* [YOUR ASSIGNMENT]: Only the lines from the one with "Pripojovací modul s brzdou" through the last line of the data below are to be duplicated, exactly and without pictures.

--- INFORMATION PROVIDED Enclosed Below ---

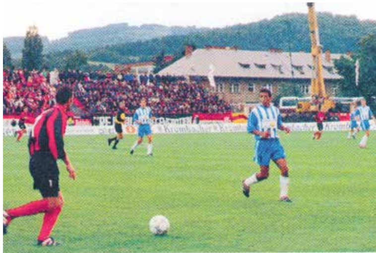
Obrázok zo stretnutia potvrdzuje nebývalý záujem divákov a tiež jeden z prenosných nosičov umelého osvetlenia.

V prvom prípade Malta, pri druhom štarte Kazachstan a nakoniec súper z Gruzínska. Napriek stúpajúcej úrovni futbalu v týchto krajinách bol postup do hlavnej súťaže vo všetkých troch prípadoch pomerne jednoznačný. V prvom kole to už boli atraktívni súper z futbalovo vyspelejších krajín. Cez tých sa už futbalisti Matadoru do ďalšieho kola nedostali.
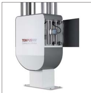
Pripojovací modul s brzdou
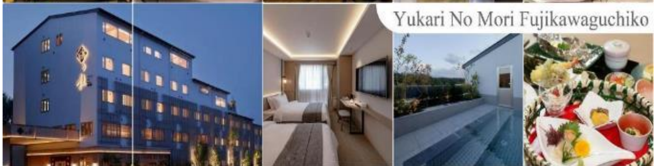
Yukari No Mori Fujikawaguchiko

--- End of Enclosed INFORMATION PROVIDED ---

* [TASK SOLUTION]:
Pripojovací modul s brzdou
Yukari No Mori Fujikawaguchiko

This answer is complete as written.